§ **WORK INSTRUCTION**
Pictures are to be left out; otherwise, copy exactly the lines from the line containing "さらに、デジタル一眼カメラの" through the end of the data.

DATASET EXTRACT START

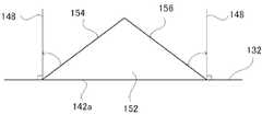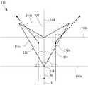 正四角錐140の面152と面154は、互いに第1の垂直面148に対して逆方向に傾斜している。したがって、正四角錐140の面152に入射した入射光160と正四角錐140の面154に入射した入射光160は、下段部分126の上面132を平面視した場合に、互いに異なる、第1の垂直面148に対して傾いた方向に反射される。The
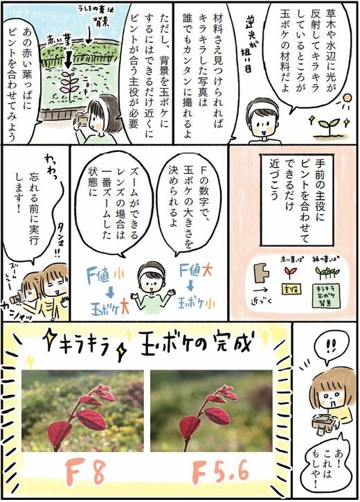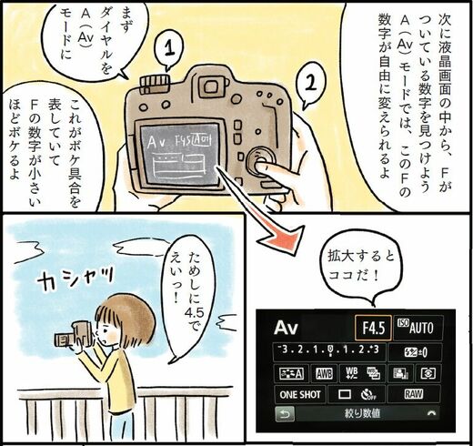 さらに、デジタル一眼カメラの醍醐味といえば「ボケ」。カメラのモードを「 A(Av)モード」にすると、Fと書かれた数字を設定することができます。これがボケ具合を変える場所で、数字が小さいほど背景がボケます。
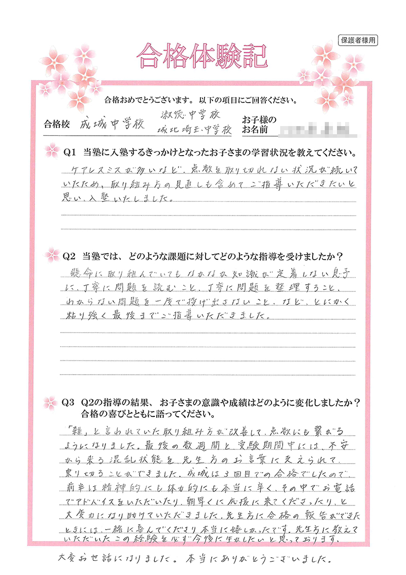 「雑」と言われていた取り組み方が改善して、点数にも繋がるようになりました。最後の数週間と受験期間中には、不安からくる混乱状態を先生方のお言葉に支えられて、乗り切ることができました。成城は3回目での合格でしたので、前半は精神的にも体力的にも本当に辛く、その中でお電話でアドバイスをいただいたり、朝早く応援に来てくださったり、と大変力になり、助けていただきました。先生方に合格の報告ができたときには、一緒に喜んでくださったり、本当に嬉しかったです。先生方に教えていただいたこの経験を必ず今後に生かしたいと思っております。大変お世話になりました。本当にありがとうございました。

DATASET EXTRACT END

§ **WRITTEN RESPONSE**
 さらに、デジタル一眼カメラの醍醐味といえば「ボケ」。カメラのモードを「 A(Av)モード」にすると、Fと書かれた数字を設定することができます。これがボケ具合を変える場所で、数字が小さいほど背景がボケます。
 「雑」と言われていた取り組み方が改善して、点数にも繋がるようになりました。最後の数週間と受験期間中には、不安からくる混乱状態を先生方のお言葉に支えられて、乗り切ることができました。成城は3回目での合格でしたので、前半は精神的にも体力的にも本当に辛く、その中でお電話でアドバイスをいただいたり、朝早く応援に来てくださったり、と大変力になり、助けていただきました。先生方に合格の報告ができたときには、一緒に喜んでくださったり、本当に嬉しかったです。先生方に教えていただいたこの経験を必ず今後に生かしたいと思っております。大変お世話になりました。本当にありがとうございました。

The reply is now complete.